Rivera (‘23) teaches music at a K-8 school in Chicago and manages 11 classes. Currently, she teaches general music, but hopes to branch out by teaching choir, private lessons and organizing ensembles in the future.
During her senior year of college, Rivera filled her schedule with 18 credit hours. Rather than try to balance homework with a part-time job, she took her teaching license test in June, receiving it in July.
Rivera started a day later than the other faculty because her hiring process took longer than expected. Although she said she felt a little behind, she is doing her best and making the most of her time.
One of the biggest challenges Rivera and her coworkers have dealt with has been the language barrier between them and a large portion of their students.
“There’s a large chunk, I would say roughly a fifth of the students in the school only speak Spanish, and it’s not a bilingual school,” Rivera said.
Most teachers in the school do not speak Spanish, and Rivera knows very little. So, they get creative with communication.
Although it is a struggle to learn and teach with the language barrier, Rivera and her fellow teachers are determined to overcome these difficulties.
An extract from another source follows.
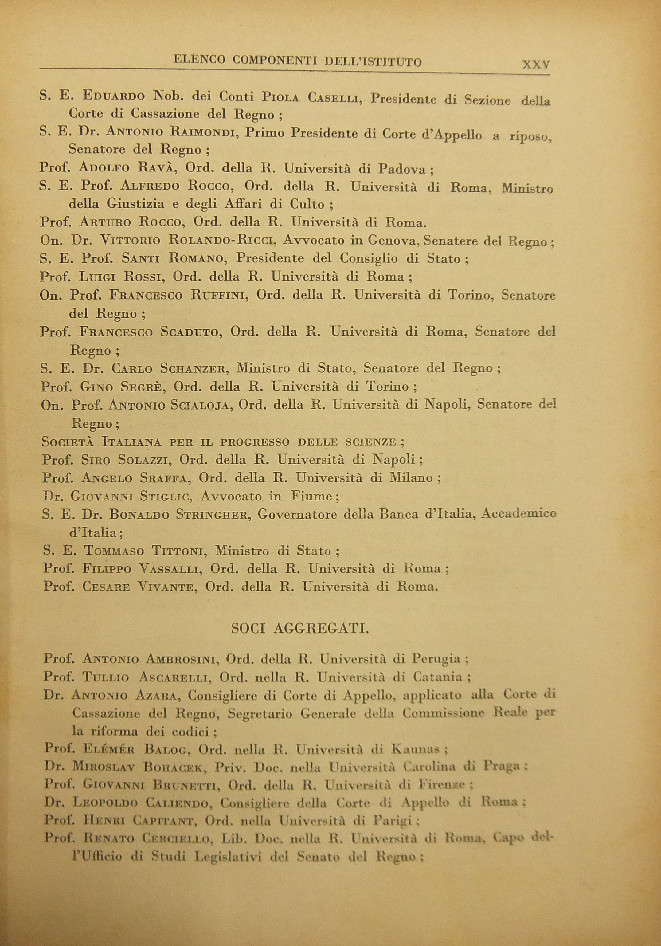 Consiglio direttivo: V. Scialoja, D’Amelio, Bonfante, S. Galgano, V. Arangio Ruiz, Benini, P. De Francisci, G. Del Vecchio, De Ruggiero.

“We are all teachers because we want to help students learn, and we are going to do our best to do that no matter how long it takes us to figure that out,” Rivera said.
As a young teacher, Rivera feels a little out of place amongst her coworkers, but knows it will pass. With the support of Taylor University and her music education major, she has been able to use tactics she learned at college in her own classroom.
Rivera’s professors at Taylor and her student teaching opportunities have taught her how to adapt to different classroom situations and prepared her to be a well rounded teacher. She may be working through difficulties, but is ready and willing to be the Lord’s hands and feet.
“I will be able to be that light of Christ in my school and be the servant leader that Taylor trained me to be,” Rivera said.
One of Rivera’s favorite things about teaching music is watching the lightbulb of discovery flicker on in each child’s head as they grasp new concepts.
She loves the moment when a child steps out of their shell, engages in the classroom and applies the knowledge that she taught to them.
“They’re all of a sudden taking risks and trying to answer questions that they wouldn’t have been able to answer before, but they’ve learned and they were paying attention,” Rivera said.
Rivera rewards her students with treats for participating and being willing to voice their thoughts. Rather than feeding them the answers, she lets them challenge themselves. Her students may not grasp the new material right away, but their bravery for trying new things and their readiness to learn deserves a reward, she said.
As Rivera continues to persevere through times of struggle and times of joy, she keeps this in mind: “Blessed be the name of the lord in struggles and sunshine. In the hard things and the good things, God is always there and he is to be praised through it all.”